The jobs to be cut are in addition to the 23,000 jobs already cut this year, bringing the total up to 75,000, which is 20% of its staff. The layoffs are by far the largest announced by any of the firms hit by the global economic crisis.

Citigroup Inc. has reported quarterly losses for four straight quarters and has lost more than $20 billion in this last year. Analysts do not expect the financial giant to announce any profits before 2010.

The job cuts will affect Citigroup’s offices around the world, the bank said, adding that it would span many business units, including its retail and investment units. While half of the jobs lost will be done through layoffs, the remaining half would be through the sell-off of business units.

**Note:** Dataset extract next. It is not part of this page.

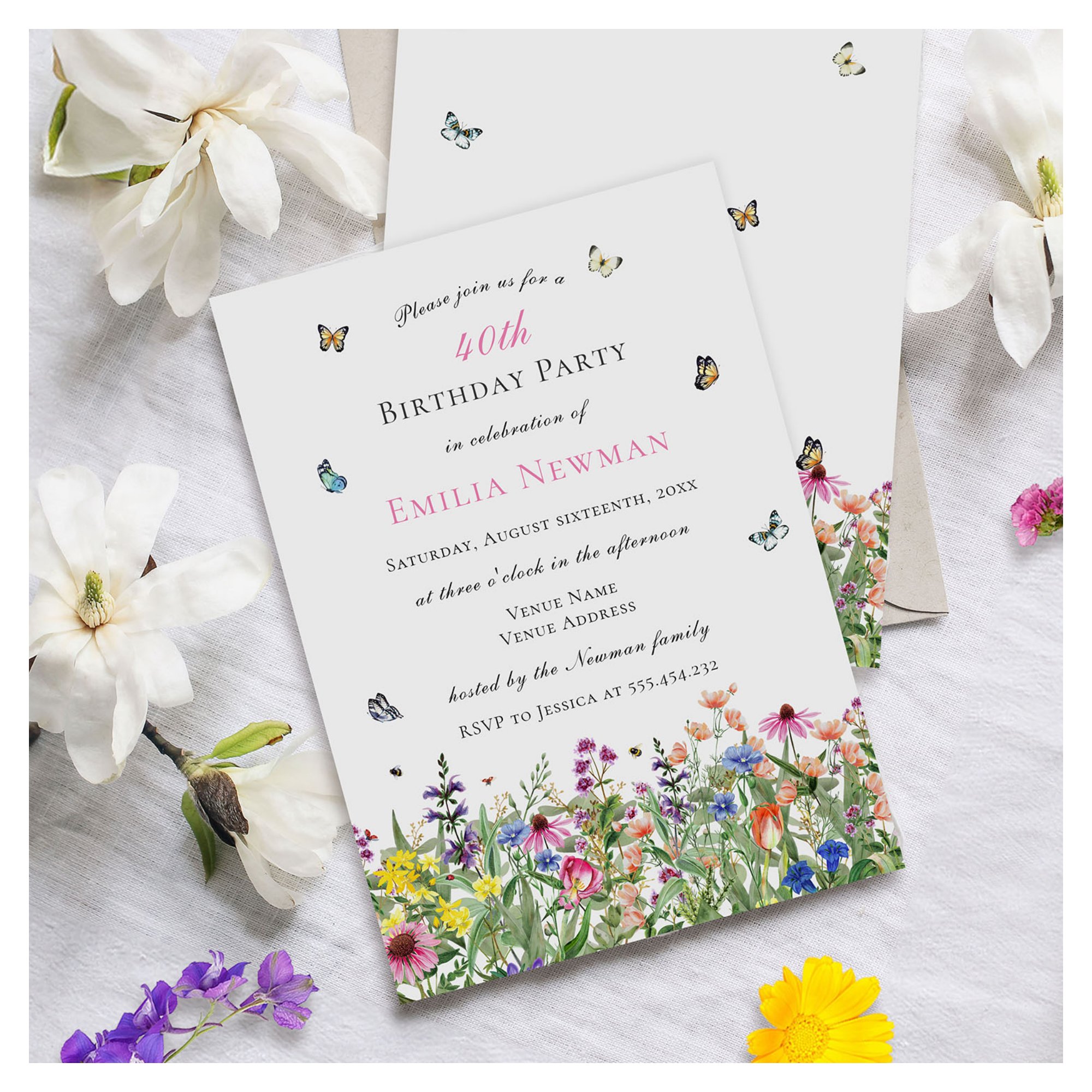 Elegant Floral 40th Birthday Party Invitation

CEO Vikram Pandit made the announcements on Monday. Pandit took over at the helm of Citigroup from former CEO Charles Prince last December, just as the economic crisis was just beginning to weigh in.

Citigroup says the job cuts will enable it to cut expenses by 20%, down to an estimated $50 billion in 2009. It will bring its number of employees down to 300,000, the same number it had in 2005.

But Citigroup also sounded a positive note. “Underlying business remains strong and revenues have been stable,” it announced.

Citigroup is one of the nine financial institutions receiving assistance from the U.S. Treasury’s bail-out fund. Last month, the Treasury announced that it would inject cash into major U.S. financial institutions, including Citigroup, JPMorgan Chase, Goldman Sachs and Bank of America, with a total of $125 billion.